[Supplied material — start]

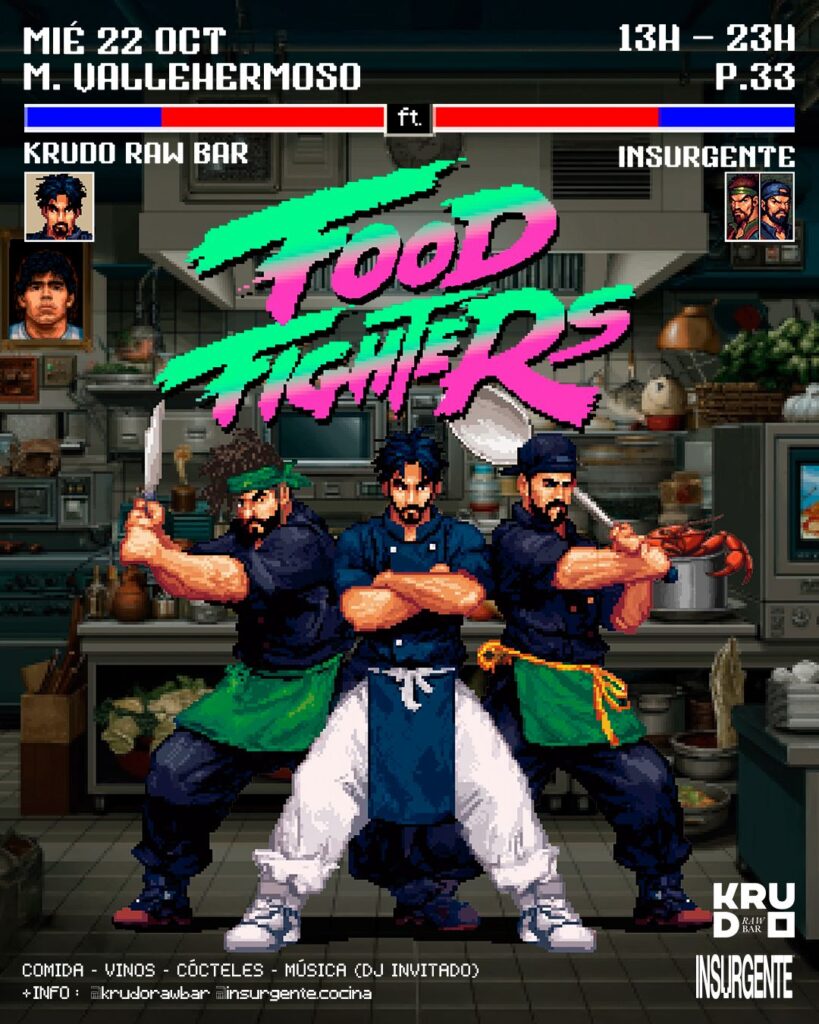 «Food Fighters» presenta una experiencia efímera que combinará buena comida, música y mucho champagne en base al ADN de ambos restaurantes. En formato non stop, desde el mediodía hasta la noche, Genaro Celia y Agustín Mikielievich (Insurgente) junto a Rafa Bergamo (Krudo) servirán desde el ring un menú de seis pases pensado para compartir que viaja por países como Perú, Corea, Japón, México o Tailandia.
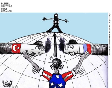 وعن الصراع الدائر بين تركيا وروسيا بعيدا عن تنظيم الدولة نشرت جريدة “نيويورك تايمز” هذا الرسم:
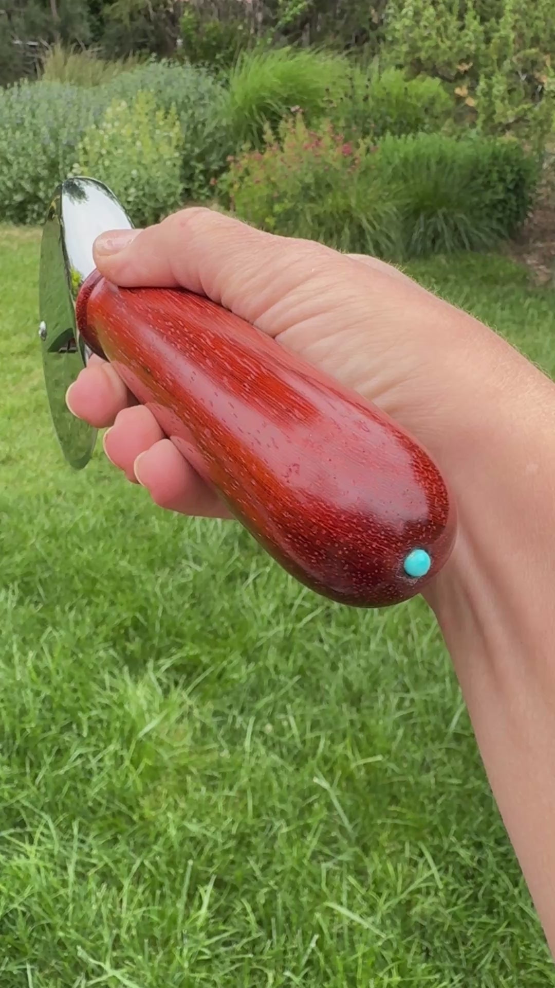 #89 Padauk Pizza Cutter with Fox Turquoise Cabochon
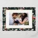Merry Christmas! Send your warm greetings to family and friends with this customisable Christmas photo card. It features a watercolour holly pattern on a dark green background. Personalise this gold foil Christmas card by adding your details. This botanical Christmas card is available in other colours and cardstock.

[Supplied material — finish]

__Your goal__: Exactly the lines above, from the one containing "وعن الصراع الدائر" down to the one containing "#89 Padauk Pizza", are to be repeated, including both ends. Pictures are not part of the copy.

__Answer space__:
 وعن الصراع الدائر بين تركيا وروسيا بعيدا عن تنظيم الدولة نشرت جريدة “نيويورك تايمز” هذا الرسم:
 #89 Padauk Pizza Cutter with Fox Turquoise Cabochon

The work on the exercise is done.